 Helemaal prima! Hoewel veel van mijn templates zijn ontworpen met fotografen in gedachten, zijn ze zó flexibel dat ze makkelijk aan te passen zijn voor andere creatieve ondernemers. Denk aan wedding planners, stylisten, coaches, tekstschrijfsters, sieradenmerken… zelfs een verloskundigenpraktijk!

==

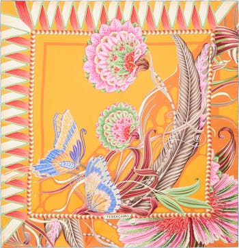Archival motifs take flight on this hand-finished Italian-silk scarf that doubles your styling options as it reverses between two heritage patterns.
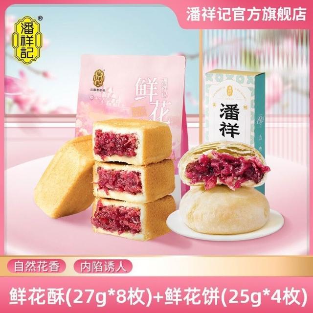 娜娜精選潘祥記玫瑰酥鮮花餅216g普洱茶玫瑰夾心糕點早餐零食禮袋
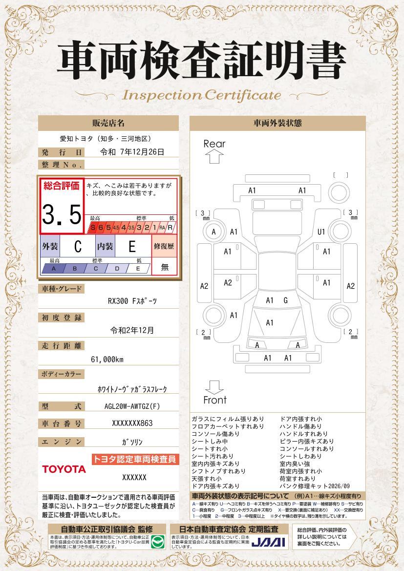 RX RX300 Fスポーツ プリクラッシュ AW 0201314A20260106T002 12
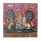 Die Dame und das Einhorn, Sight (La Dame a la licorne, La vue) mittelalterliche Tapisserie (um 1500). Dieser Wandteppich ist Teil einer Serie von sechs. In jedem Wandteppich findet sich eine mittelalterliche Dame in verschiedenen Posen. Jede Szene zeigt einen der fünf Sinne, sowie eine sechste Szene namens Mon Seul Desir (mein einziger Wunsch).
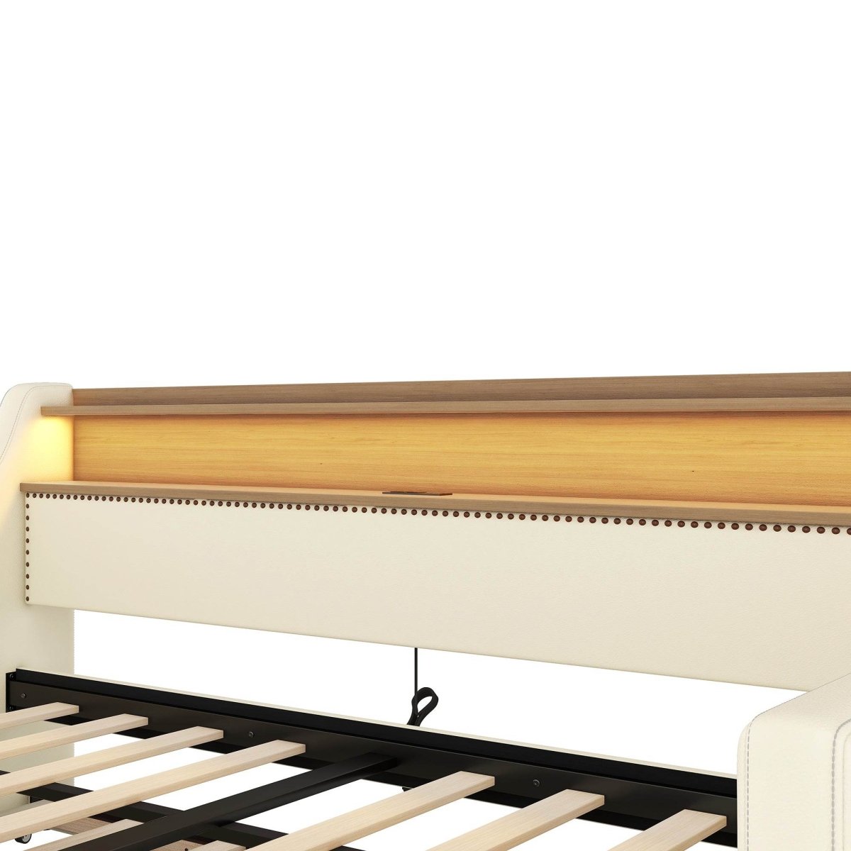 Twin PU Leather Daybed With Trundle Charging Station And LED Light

— YOUR GOAL —
Set down, exactly as written above, each line from the one with "Archival motifs take" through the one with "RX RX300 Fスポーツ", and skip the pictures.

— WRITTEN SOLUTION —
Archival motifs take flight on this hand-finished Italian-silk scarf that doubles your styling options as it reverses between two heritage patterns.
 娜娜精選潘祥記玫瑰酥鮮花餅216g普洱茶玫瑰夾心糕點早餐零食禮袋
 RX RX300 Fスポーツ プリクラッシュ AW 0201314A20260106T002 12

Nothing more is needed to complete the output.